The Problem: Your Artwork Can Be Collected Without Your Permission
Many artists have heard the word “scraping” and felt the alarm immediately. Sometimes people write it as “scrapping,” but the correct word is scraping. Scrapping means throwing something away. Scraping means collecting data from websites automatically.
When artists say their work is being scraped by AI companies, they mean this: automated software visits websites, social platforms, image galleries, blogs, portfolio pages, product listings, and public archives; collects images and nearby text; stores or indexes that material; and may use it to train or fine-tune artificial intelligence systems.
For visual artists, this is not a small technical issue. It reaches directly into authorship, livelihood, consent, credit, and artistic identity. A painting, illustration, digital artwork, character design, or photographic style may become part of a training dataset without the artist ever being asked. The artist may later see AI-generated images that imitate their visual language, weaken their market, or confuse the public about what is authentic human-made work.

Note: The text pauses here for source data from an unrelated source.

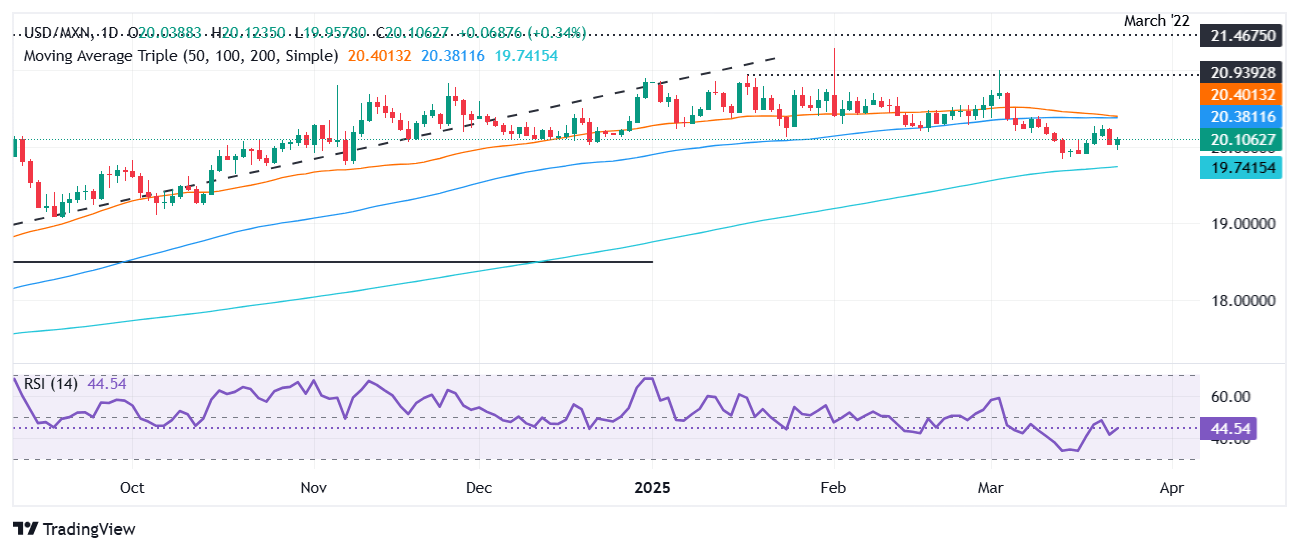 USD/MXN technical outlook: Mexican Peso loses traction as USD/MXN rises past 20.10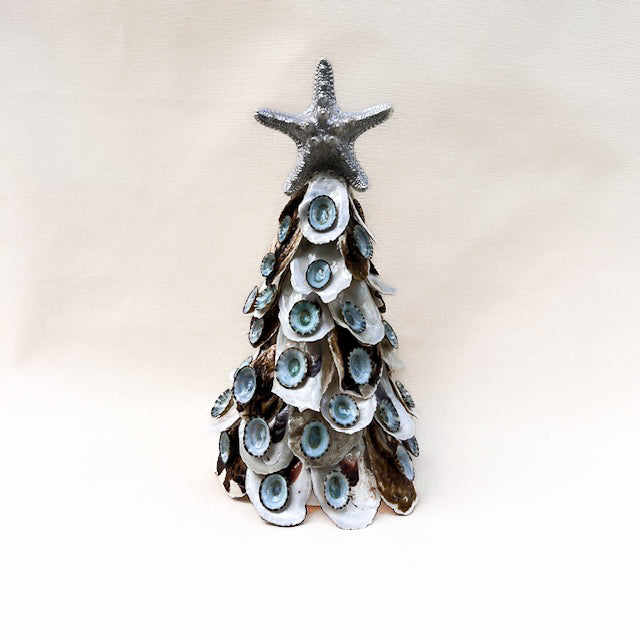 This beautiful Nautical Noel Tree is perfect for a coastal holiday celebration. Handcrafted from natural oyster shells in a white pearl finish, it's tastefully decorated with genuine turquoise limpets and a silver starfish topper. Enhance your holiday atmosphere with this unique and eye-catching piece.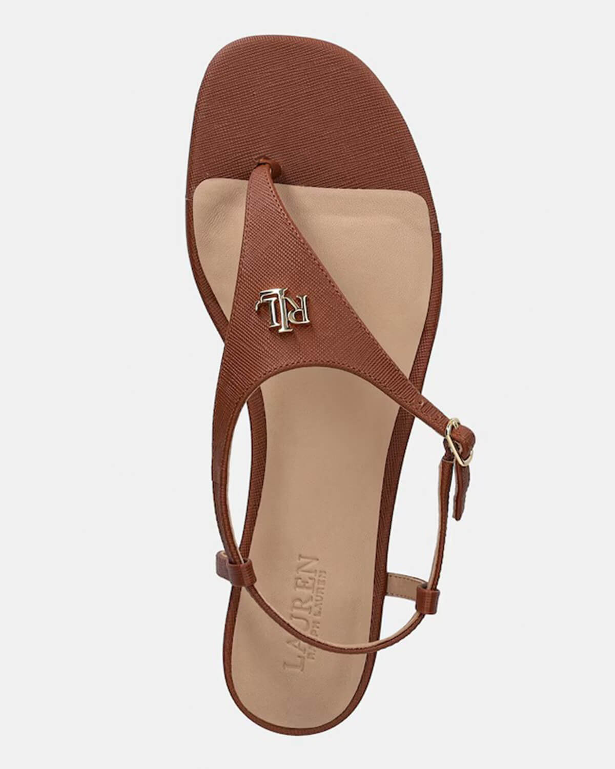 Ralph Lauren - Crsshtch Embsd Lthr-Everley 2-Sn-Fsa Flat Sandals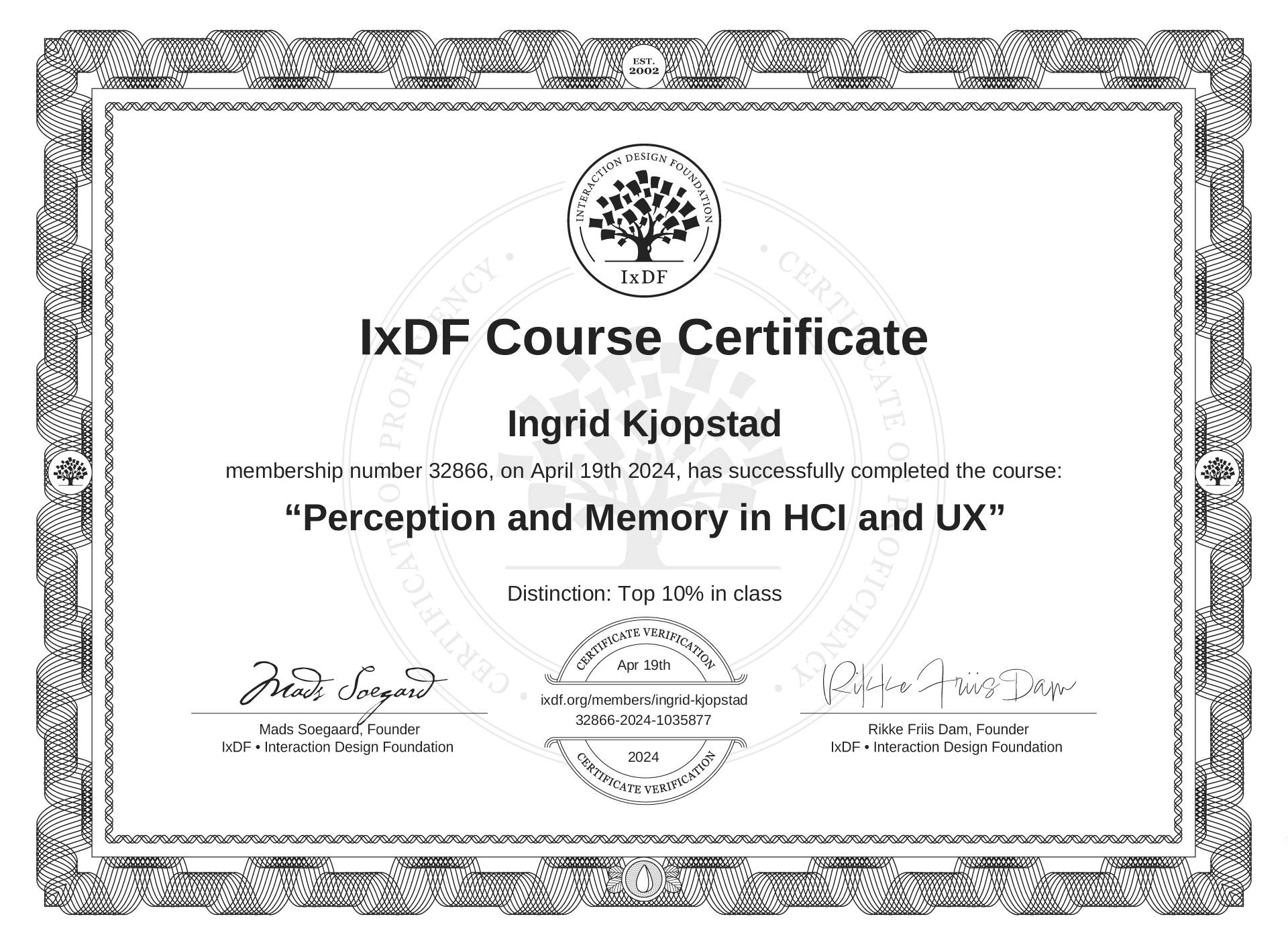 This IxDF Membership Certificate is issued to Ingrid Kjøpstad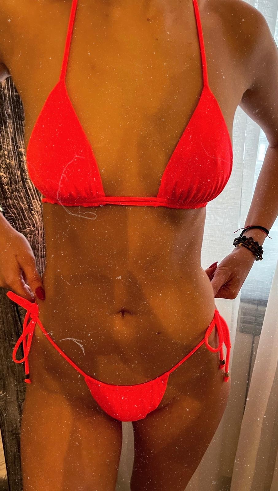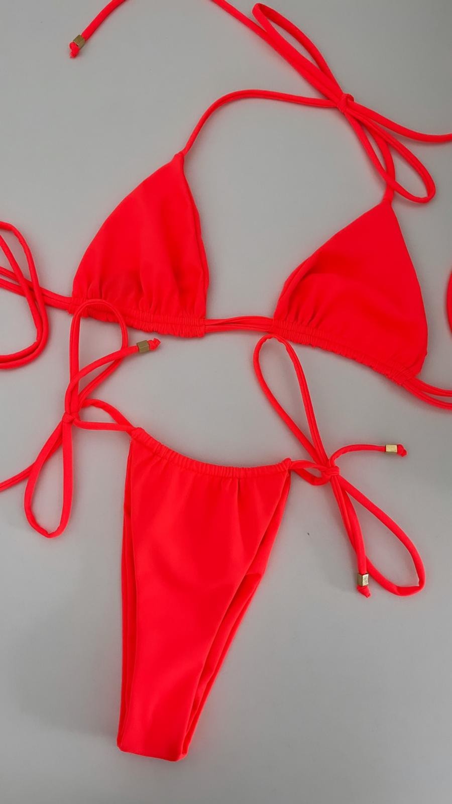 Bikini idealne do opalania. Na dole trójkątnej miseczki jest podwójny tunel, który pozwoli Ci wyregulować szerokość miseczki od standardowej obejmującej cała pierś, aż do bardzo wąziutkiej zasłaniającej tylko to co konieczne. Staniczek wiązany jest z tyłu oraz na szyi. Chociaż uważamy, że to bikini świetnie wygląda bez usztywnianej miseczki to dla tych, które maja inne zdanie od wewnętrznej strony wszyłyśmy kieszonkę na wkładkę.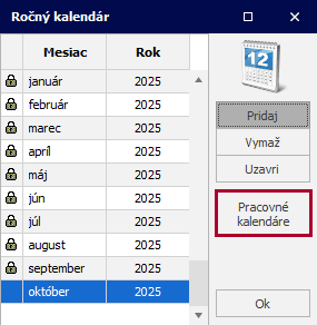 Kliknete na pole Pracovné kalendáre.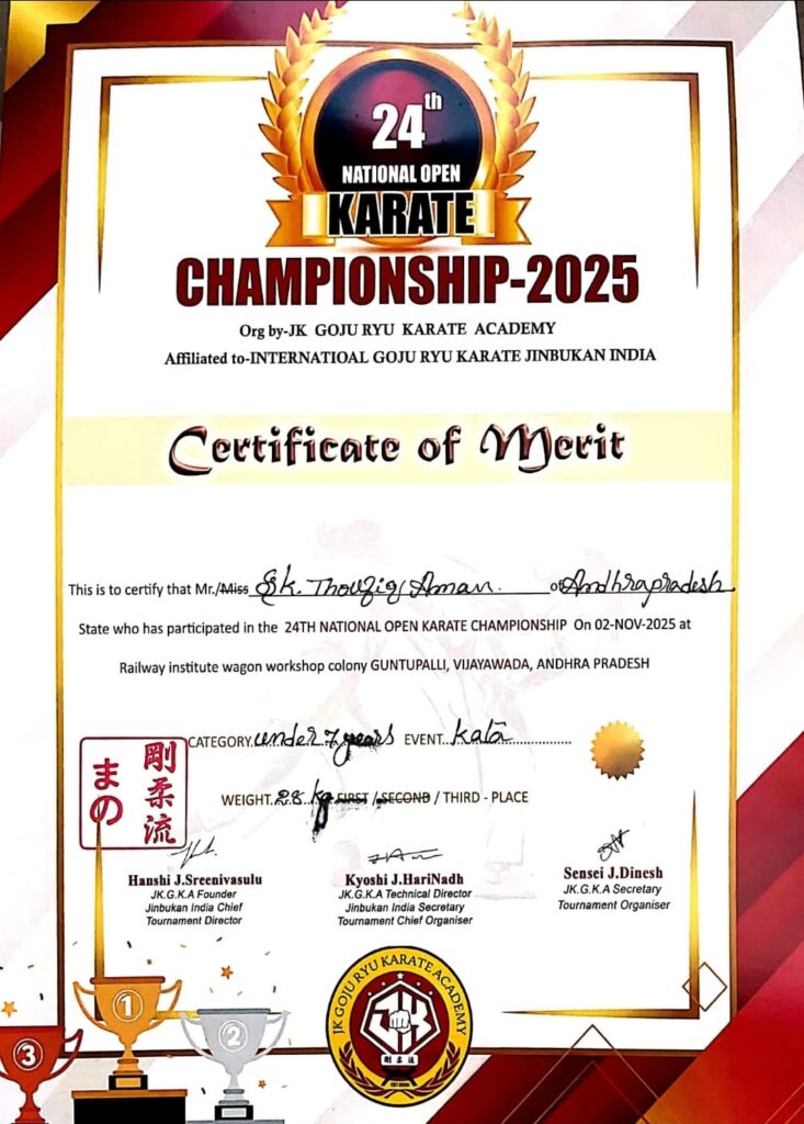JK GOJU RYU కరాటే అకాడమీ వారి ఆధ్వర్యంలో నిర్వహించబడిన 24 వ జాతీయ స్థాయి ఓపెన్ చాంపియన్ షిప్ పోటీలలో కటా మరియు కుమ్ముతే విభాగంలో 6 సంవత్సరాల వయస్సు ఉన్న షేక్ తౌఫిక్ అమన్ రెండు విభాగాల్లోనూ జాతీయ స్థాయిలో మూడవ స్థానం సాధించడమైనది.

This is why artists are searching for tools like Glaze, Nightshade, Kudurru, Have I Been Trained, robots.txt controls, AI crawler blocking, and other defenses. The hard truth is that no single tool can completely stop scraping. The better answer is a layered protection system.


What Does Scraping Mean?
Scraping is the automated extraction of information from websites. A scraper is usually a bot, crawler, or script. It does not browse the internet like a human. It requests web pages, reads the code, follows links, finds images, downloads files, and records useful information such as titles, captions, alt text, page text, tags, URLs, and metadata.
In the AI training context, scraping is used to build large datasets. For image-generation systems, the most valuable material is often an image-text pair: the image itself plus text that describes it. That text may come from alt text, captions, filenames, page descriptions, surrounding article text, product titles, hashtags, or user descriptions.
A famous example is LAION-5B, a massive image-text dataset containing billions of image-text pairs. It was built by parsing Common Crawl data, locating image tags and alt text, downloading images, and filtering image-text pairs with machine-learning tools. [1]
This matters because AI systems do not only need images. They need images attached to words. If a dataset contains thousands of images labeled with artist names, movement names, style words, genre terms, and descriptive phrases, the AI system can learn associations between those words and visual patterns.
How AI Scrapes Artwork From the Internet
The basic pipeline usually looks like this:
First, a crawler starts with a list of websites, archives, search indexes, sitemaps, or URLs. It requests pages from those sites.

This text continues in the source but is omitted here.